Part of the book series: Lecture Notes in Computer Science ((LNTCS,volume 10328))

Abstract

We develop polynomial-size LP-relaxations for orienteering and the regret-bounded vehicle routing problem (\(\mathsf {RVRP}\)) and devise suitable LP-rounding algorithms that lead to various new insights and approximation results for these problems. In orienteering, the goal is to find a maximum-reward r-rooted path, possibly ending at a specified node, of length at most some given budget B. In \(\mathsf {RVRP}\), the goal is to find the minimum number of r-rooted paths of regret at most a given bound R that cover all nodes, where the regret of an r-v path is its length − \(c_{rv}\).
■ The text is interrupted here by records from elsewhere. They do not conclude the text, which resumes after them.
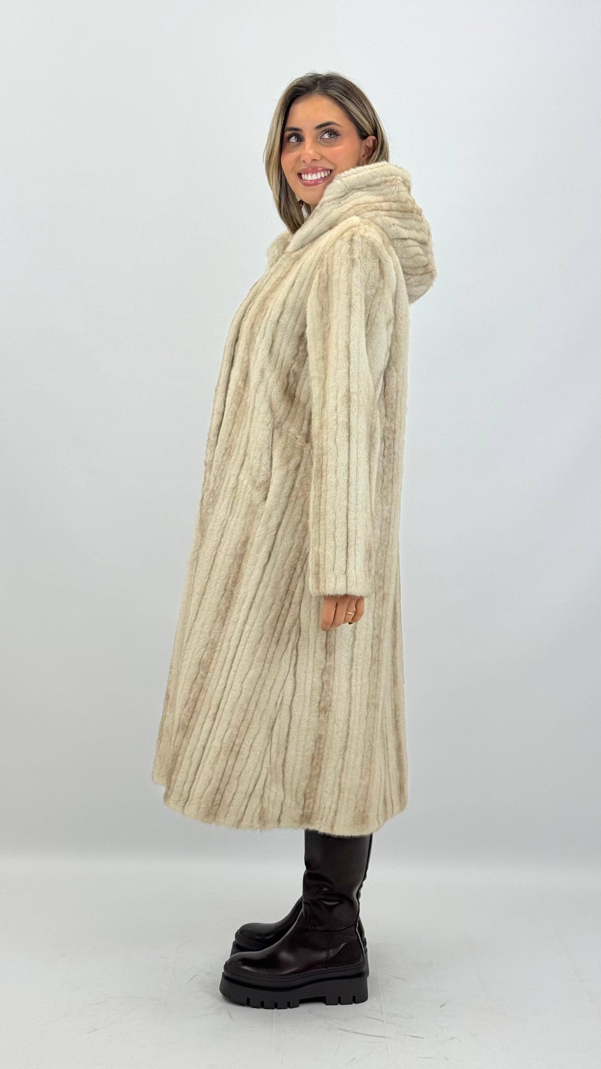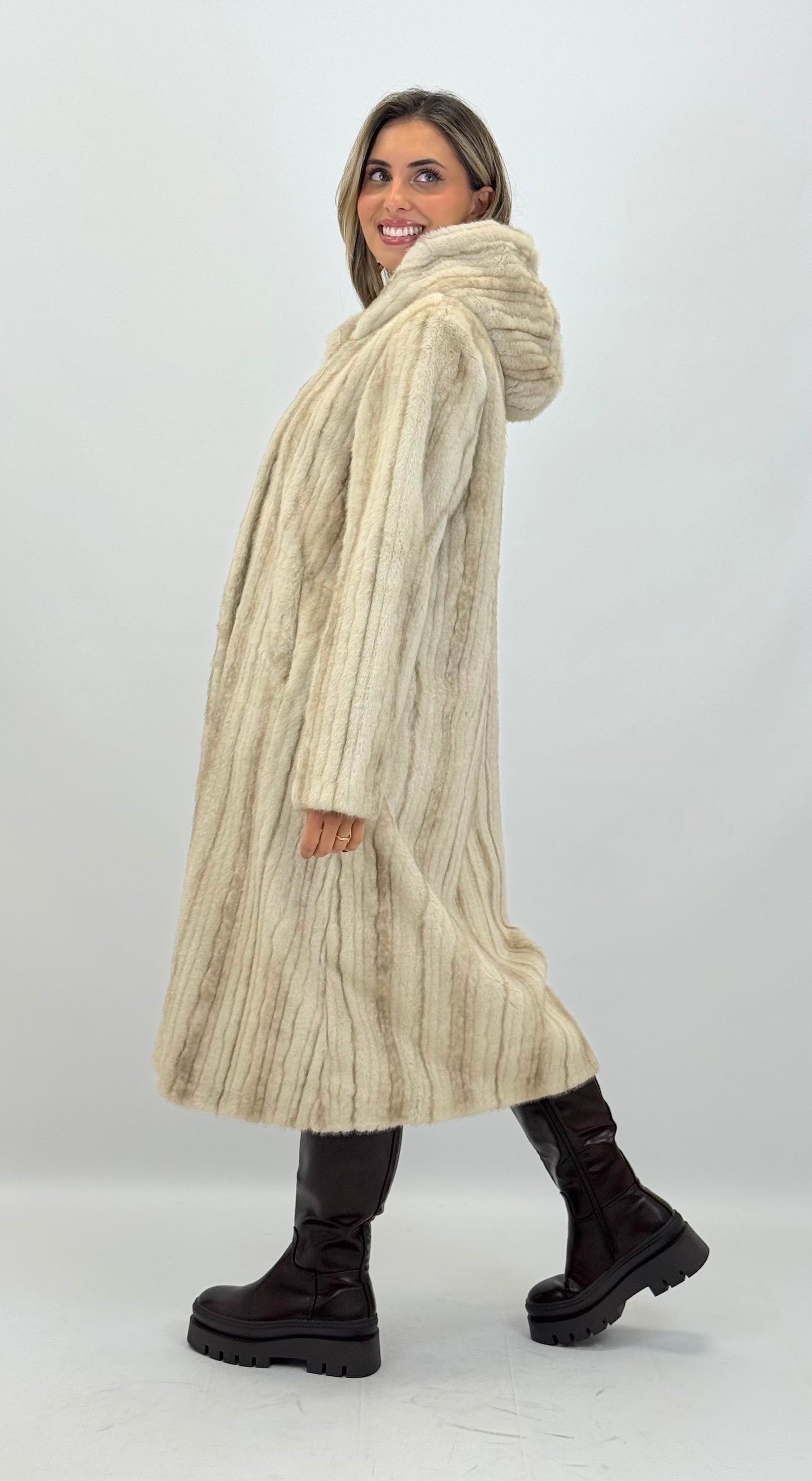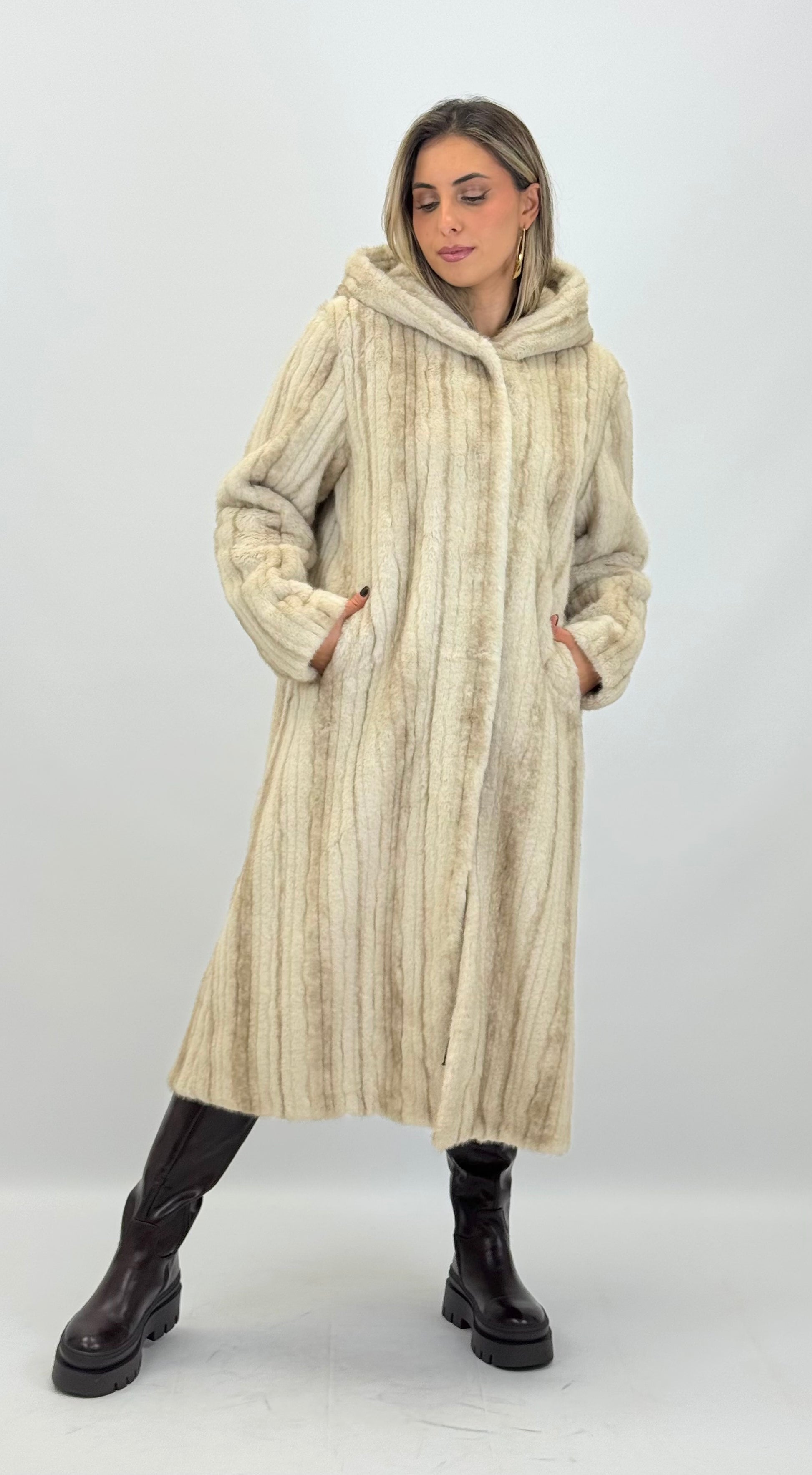 Casaco comprido em pêlo sintético ligeiramente matizado com leve risca. Aperta com colchetes na parte da frente. Contém capuz e bolsos nas laterais.
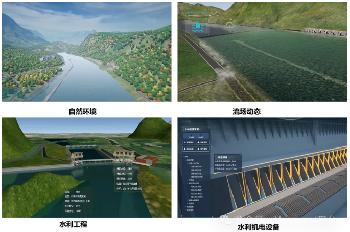基于L2和L3数据,通过用三维建模工具,建设自然背景、流场动态、水利工程、水利机电设备等4类可视化模型,为在业务应用中真实展现物理流域中各种水利业务场景提供支撑。
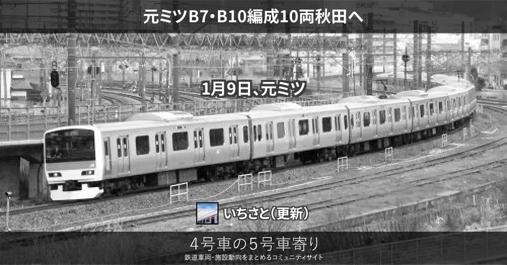1月9日、元ミツB8B7編成2両、元ミツB10編成8両が盛岡車両センター青森派出(JRTM青森改造センター)を出場し、秋田総合車両センターへ配給されました。
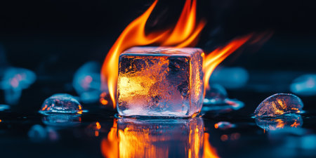 Surreal photo of a fiery ice cube, flames engulfing frozen ice, symbolizing the contrast between heat and cold in a striking visual.
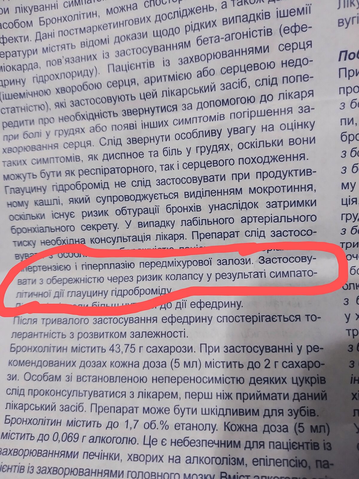 Да, я боюсь , что бы не было как у вашей знакомой(((( а почему бронхит лечится в основном аб, если бронхит вирусный например? И вся клиника типичная вирусная? Мне не виднее, просто хочу разобраться. Бронхолитин я отменила, так как есть противопоказания! Мне рисковать жизнью? Я думала это какой то лёгкий препарат без особых противопоказаний и побочек.. прочитала инструкцию и это капец((( чего только стоит фраза ’застосовувати з обережнистю, через ризик коллапсу у результати симпатолитичнои дии глауцину гидробромиду’ То есть летальный исход!! Ну, как это вообще? Это безопасный препарат?? Тем более принимать его вместе с эрдостеином, неизвестно какой будет эффект!

For rooted orienteering, we introduce a natural bidirected LP-relaxation and obtain a simple 3-approximation algorithm via LP-rounding. This is the first LP-based guarantee for this problem. We also show that point-to-point (\(\mathsf {P2P}\)) orienteering can be reduced to a regret-version of rooted orienteering at the expense of a factor-2 loss in approximation. For \(\mathsf {RVRP}\), we propose two compact LPs that lead to significant improvements, in both approximation ratio and running time, over the approach in [10]. One is a natural modification of the LP for rooted orienteering; the other is an unconventional formulation motivated by certain structural properties of an \(\mathsf {RVRP}\)-solution, which leads to a 15-approximation for \(\mathsf {RVRP}\).

A full version of the paper is available on the CS arXiv.

Z. Friggstad—Research supported by Canada Research Chairs program and NSERC Discovery Grant.

C. Swamy—Research supported by NSERC grant 327620-09 and an NSERC DAS Award.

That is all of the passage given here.